A voice in the dirt

Although I awoke this morning to several inches of fresh snow on the ground, spring can be seen peeking around the corner if you know where to look. It is a messy time of year. Our landscape is stuck between seasons with a puzzling mix… remnants from last month and previews of next month. Fading snow banks are creating an eerie worm hunting ground for the robins. Early morning birdsong can be heard while you scrape away the thick frost from your car windows.

Last night during a short cut through a playground, the path traversed a large sloppy pool of early spring gumbo. My 12 year old daughter proclaimed “whoa… that is some awesome mud”.


(friend or foe?)


It instantly struck me how different our perspectives can be. My reaction was to avoid it at all costs for fear that it would clog our shoe treads and track into the car and house. Hers was one of wonder and potential. Perhaps visions of culinary creations, mud pies and terra muffins. Hours of entertainment in the pure primeval goo. I was thrilled at witnessing her innocent guttural reaction. But it took me a several seconds to recognize it.

Last week while attending a meeting in Texas, the keynote speaker Tye Maner spoke of many intriguing things. One key insight was the lost art of listening. He used several analogies to make the point that listening to understand is different than listening just to hear. As a designers or individuals involved in creating solutions that improve people’s lives, this is a crucial point and a crucial difference.

My daughter’s reaction to the mud was not at all what I would have expected. Had I not been listening to understand, I would have missed the rapid romping through the possibilities on her imaginary journey and the simple joy she found in it. It is a simple thing and certainly not a major crime had I failed, but a beach cannot be formed with one grain of sand. Like our experiences in life, it takes thousands.

My opinion of the mud pit changed from one of avoidance to one of admiration… not that we stopped what we were doing and dove in, but my point is this. People react to things differently. Tye’s presentation came to mind. We need to always strive to understand through listening, through seeing and through pushing our own biases aside. In doing so we will be better designers, organizers, spouses, sand castle architects and perhaps mud chefs.


3 thoughts on “A voice in the dirt

  1. What a great article. Love your photo of the River Walk, it took me back to the time we visited San Antonio for the world fair. Beautiful area. Your anology about the mud was thought provoking. I could just picture it. We also got 7 inches of snow the end of March here at our place in Utah.

  2. A friend offered to slide my refrigerator to a different spot in my kitchen, with the promise that he would put it back again if I didn’t like it. The space opened up inspired me to some long needed de-cluttering. Now my kitchen area is pleasant to walk into, more room, more light. My kitchen window is more visible from the other part of the apartment.

    Moving the refrigerator required unscrewing and moving a set of shelves to another spot. I could not do these things by myself, so I made do. That’s part of what I meant by my first post.

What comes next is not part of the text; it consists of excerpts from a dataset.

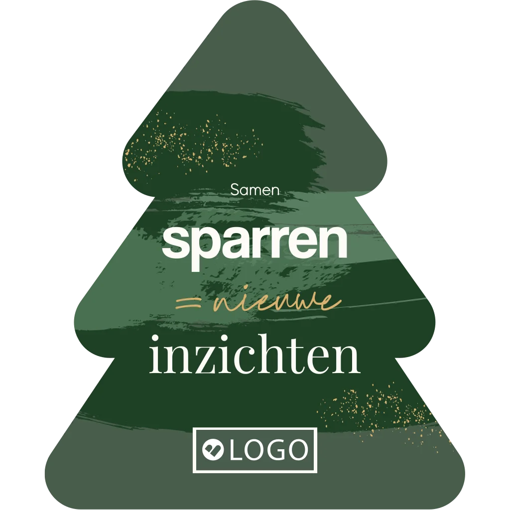 Stuur je zakelijke relaties, medewerkers en klanten een kerstkaart in deze bijzondere vorm: een kerstboom. Op deze zakelijke kerstkaart staat de tekst: samen sparren = nieuwe inzichten. Op de achtergrond groene vegen en gouden spetters. Er is ruimte om je eigen bedrijfslogo te plaatsen. Geschikt voor iedere branche.
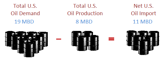 To place U.S. oil dependency into context, we revisit oil supply and demand fundamentals. Simply put, the United States consumes WAY more oil than it produces. As shown above, the U.S. consumes roughly 19 MBPD of oil. Since it only produces 8 MBPD, this results in a net import of 11 million barrels per day of foreign oil.
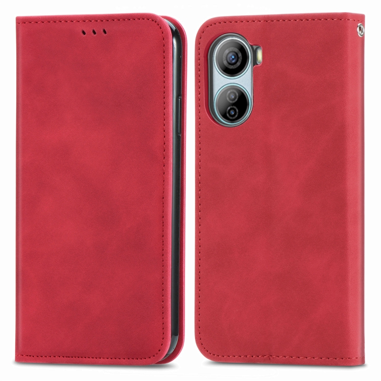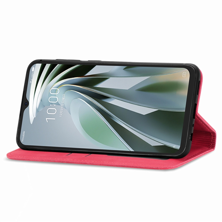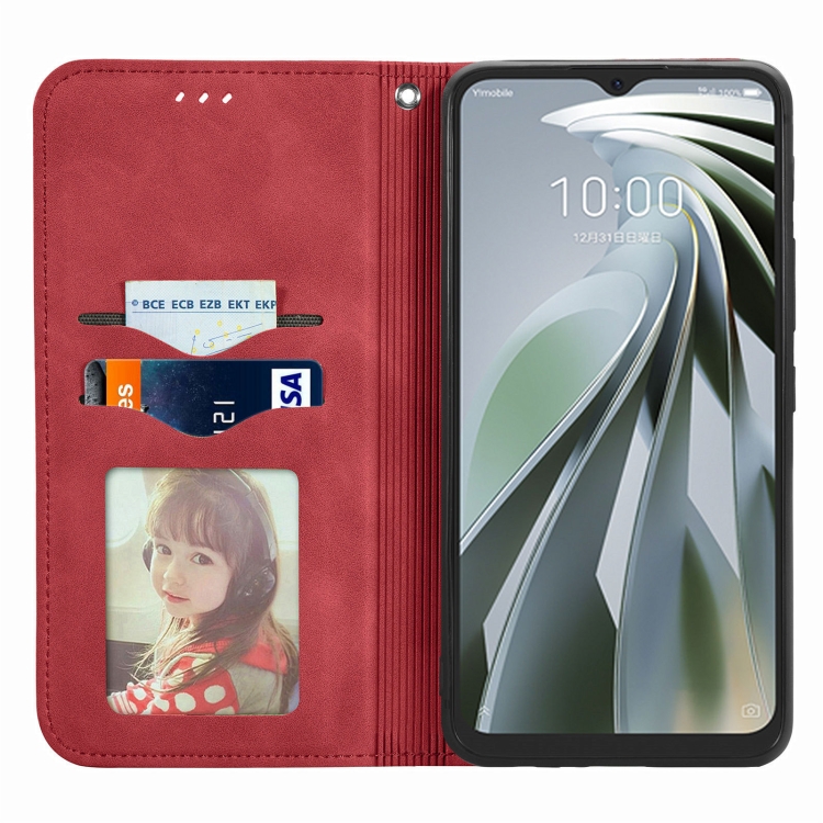 Funda de Cuero Magnética para ZTE Libero 5G Iv con Sensación de Piel Retro (Rojo)

    Another part of what I meant: At a thrift store I saw a brightly colored ceramic candlestick with a striped snake coiled around it. The snake has a goofy expression on his face. Instantly I realized I had been looking all my life for this exact snake. Go figure! The colorful silly object catalyzed my use of another space for interesting candles, a woven basket, a tiny alabaster jar, and a netsuke.

    This underlines the risk and challenge when building features in permanently.